DIRECTIONS:
From the very first line of the records through the line that contains "Ethiopian Opal And", repeat everything exactly except the pictures, and add nothing.

INPUT:

====================

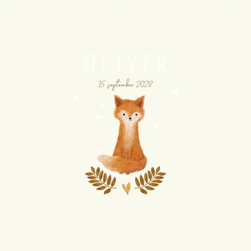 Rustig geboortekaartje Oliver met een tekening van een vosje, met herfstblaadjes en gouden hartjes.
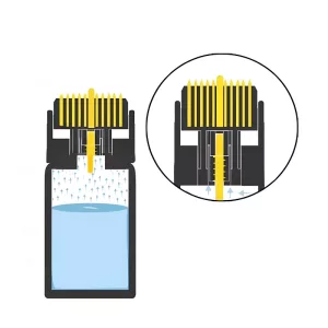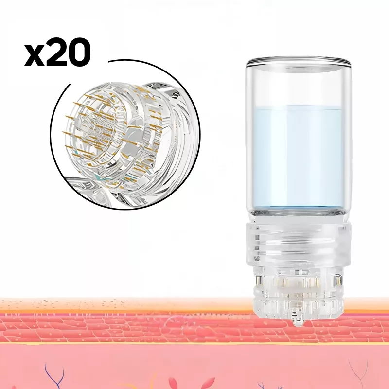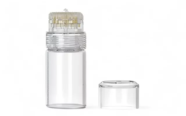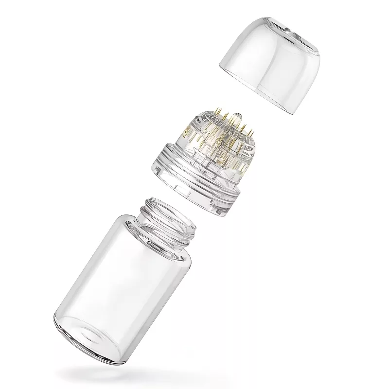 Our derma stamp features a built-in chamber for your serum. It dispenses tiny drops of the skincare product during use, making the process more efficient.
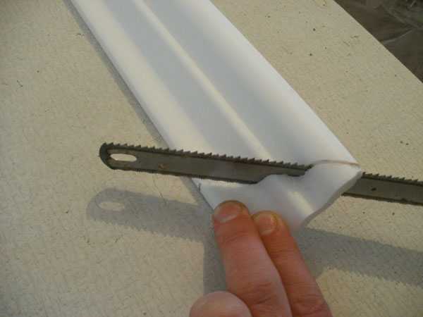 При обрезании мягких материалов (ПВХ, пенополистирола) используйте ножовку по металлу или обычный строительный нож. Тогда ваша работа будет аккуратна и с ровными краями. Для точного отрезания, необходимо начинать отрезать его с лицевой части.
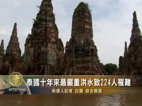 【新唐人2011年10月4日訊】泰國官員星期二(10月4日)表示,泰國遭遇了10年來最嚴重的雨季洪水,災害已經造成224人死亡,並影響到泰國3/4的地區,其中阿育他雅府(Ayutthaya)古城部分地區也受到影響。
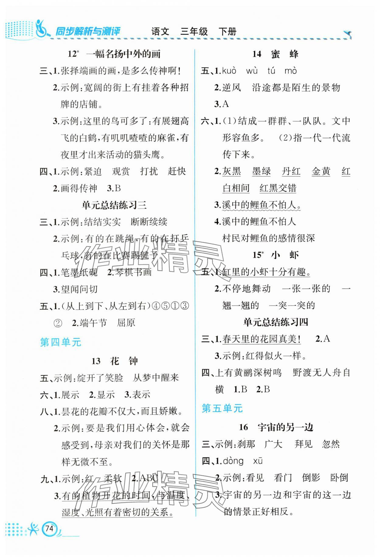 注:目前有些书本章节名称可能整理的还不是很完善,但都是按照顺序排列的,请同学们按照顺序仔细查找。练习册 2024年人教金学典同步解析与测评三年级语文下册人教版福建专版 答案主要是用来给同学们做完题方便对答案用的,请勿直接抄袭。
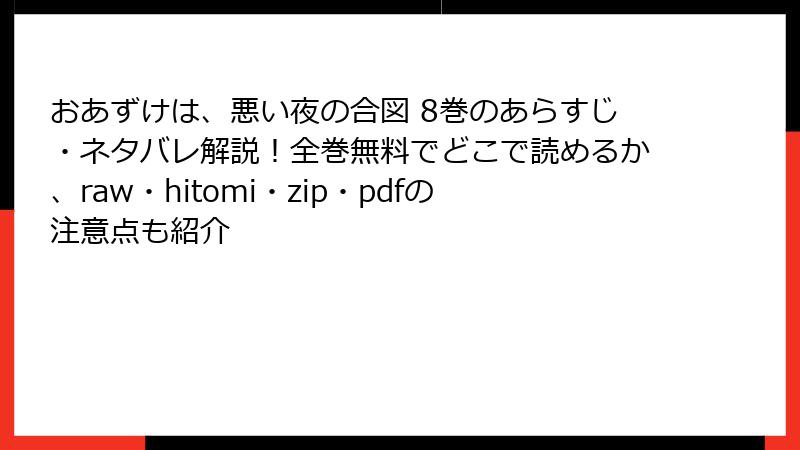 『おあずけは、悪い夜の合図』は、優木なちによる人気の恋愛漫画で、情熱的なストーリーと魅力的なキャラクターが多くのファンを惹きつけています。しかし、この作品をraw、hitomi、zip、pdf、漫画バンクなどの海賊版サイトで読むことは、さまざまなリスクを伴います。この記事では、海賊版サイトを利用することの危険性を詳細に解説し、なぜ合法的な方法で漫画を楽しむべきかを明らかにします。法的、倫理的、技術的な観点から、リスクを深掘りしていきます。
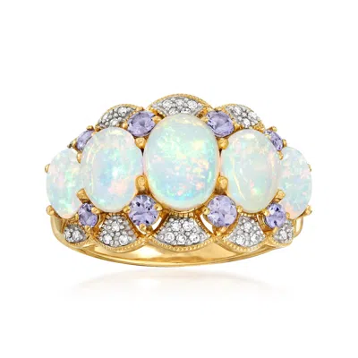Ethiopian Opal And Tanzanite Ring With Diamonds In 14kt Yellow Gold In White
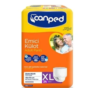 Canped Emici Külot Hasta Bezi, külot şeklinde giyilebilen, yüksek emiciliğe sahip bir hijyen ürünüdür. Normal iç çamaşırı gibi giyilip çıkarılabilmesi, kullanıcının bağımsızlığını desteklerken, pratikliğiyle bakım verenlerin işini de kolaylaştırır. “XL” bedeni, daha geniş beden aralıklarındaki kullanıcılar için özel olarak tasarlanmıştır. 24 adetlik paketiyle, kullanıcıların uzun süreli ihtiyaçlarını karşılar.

====================

ANSWER TO THE PROBLEM:
 Rustig geboortekaartje Oliver met een tekening van een vosje, met herfstblaadjes en gouden hartjes.
 Our derma stamp features a built-in chamber for your serum. It dispenses tiny drops of the skincare product during use, making the process more efficient.
 При обрезании мягких материалов (ПВХ, пенополистирола) используйте ножовку по металлу или обычный строительный нож. Тогда ваша работа будет аккуратна и с ровными краями. Для точного отрезания, необходимо начинать отрезать его с лицевой части.
 【新唐人2011年10月4日訊】泰國官員星期二(10月4日)表示,泰國遭遇了10年來最嚴重的雨季洪水,災害已經造成224人死亡,並影響到泰國3/4的地區,其中阿育他雅府(Ayutthaya)古城部分地區也受到影響。
 注:目前有些书本章节名称可能整理的还不是很完善,但都是按照顺序排列的,请同学们按照顺序仔细查找。练习册 2024年人教金学典同步解析与测评三年级语文下册人教版福建专版 答案主要是用来给同学们做完题方便对答案用的,请勿直接抄袭。
 『おあずけは、悪い夜の合図』は、優木なちによる人気の恋愛漫画で、情熱的なストーリーと魅力的なキャラクターが多くのファンを惹きつけています。しかし、この作品をraw、hitomi、zip、pdf、漫画バンクなどの海賊版サイトで読むことは、さまざまなリスクを伴います。この記事では、海賊版サイトを利用することの危険性を詳細に解説し、なぜ合法的な方法で漫画を楽しむべきかを明らかにします。法的、倫理的、技術的な観点から、リスクを深掘りしていきます。
Ethiopian Opal And Tanzanite Ring With Diamonds In 14kt Yellow Gold In White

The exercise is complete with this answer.